→ **THE TASK**
Check each line of the records below for the string "into", then state how many lines contain it, with no other output.

→ **PROVIDED RECORDS**

------

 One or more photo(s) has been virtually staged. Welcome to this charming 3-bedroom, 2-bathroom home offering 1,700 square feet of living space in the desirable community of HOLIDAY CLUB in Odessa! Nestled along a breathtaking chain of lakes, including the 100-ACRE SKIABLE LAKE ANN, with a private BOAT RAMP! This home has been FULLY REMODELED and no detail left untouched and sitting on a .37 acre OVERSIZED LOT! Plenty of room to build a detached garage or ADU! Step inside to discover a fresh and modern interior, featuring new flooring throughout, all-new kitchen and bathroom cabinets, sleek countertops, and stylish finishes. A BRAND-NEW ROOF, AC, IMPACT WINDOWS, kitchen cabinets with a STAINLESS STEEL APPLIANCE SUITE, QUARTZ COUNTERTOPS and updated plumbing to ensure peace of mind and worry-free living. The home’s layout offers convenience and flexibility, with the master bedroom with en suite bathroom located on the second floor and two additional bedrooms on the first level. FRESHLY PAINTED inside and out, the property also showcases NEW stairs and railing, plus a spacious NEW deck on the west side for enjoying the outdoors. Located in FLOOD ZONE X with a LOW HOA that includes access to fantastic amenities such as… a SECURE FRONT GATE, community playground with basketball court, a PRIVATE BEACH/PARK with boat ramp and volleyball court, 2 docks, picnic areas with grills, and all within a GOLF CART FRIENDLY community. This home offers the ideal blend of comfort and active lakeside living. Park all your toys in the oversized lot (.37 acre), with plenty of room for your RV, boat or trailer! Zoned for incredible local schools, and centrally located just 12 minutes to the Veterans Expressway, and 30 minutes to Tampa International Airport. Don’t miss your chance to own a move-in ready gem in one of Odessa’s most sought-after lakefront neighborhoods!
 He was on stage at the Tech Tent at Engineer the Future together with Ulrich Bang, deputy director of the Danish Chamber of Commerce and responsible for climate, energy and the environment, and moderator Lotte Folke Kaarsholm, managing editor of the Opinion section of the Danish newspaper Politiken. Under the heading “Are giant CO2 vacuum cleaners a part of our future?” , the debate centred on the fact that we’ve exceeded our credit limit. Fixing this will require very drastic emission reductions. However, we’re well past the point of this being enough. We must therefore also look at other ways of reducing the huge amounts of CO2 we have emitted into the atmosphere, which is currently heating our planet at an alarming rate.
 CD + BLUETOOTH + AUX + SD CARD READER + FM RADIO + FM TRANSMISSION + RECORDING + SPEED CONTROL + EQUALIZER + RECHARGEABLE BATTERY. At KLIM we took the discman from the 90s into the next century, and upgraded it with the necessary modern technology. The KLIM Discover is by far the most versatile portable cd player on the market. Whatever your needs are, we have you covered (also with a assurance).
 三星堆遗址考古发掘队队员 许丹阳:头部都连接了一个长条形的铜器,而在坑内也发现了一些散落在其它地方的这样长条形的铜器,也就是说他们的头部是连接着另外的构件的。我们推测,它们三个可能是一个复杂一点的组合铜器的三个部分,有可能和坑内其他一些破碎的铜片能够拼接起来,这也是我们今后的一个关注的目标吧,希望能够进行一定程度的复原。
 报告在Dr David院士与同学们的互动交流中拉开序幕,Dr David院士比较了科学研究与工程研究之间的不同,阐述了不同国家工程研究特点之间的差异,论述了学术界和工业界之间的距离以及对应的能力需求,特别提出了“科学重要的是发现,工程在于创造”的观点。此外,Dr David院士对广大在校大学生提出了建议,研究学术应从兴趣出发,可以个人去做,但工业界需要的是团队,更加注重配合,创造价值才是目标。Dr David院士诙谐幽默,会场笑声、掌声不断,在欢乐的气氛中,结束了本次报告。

------

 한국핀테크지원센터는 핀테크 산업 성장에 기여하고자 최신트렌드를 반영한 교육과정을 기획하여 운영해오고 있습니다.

------

→ **EXERCISE ANSWER**
2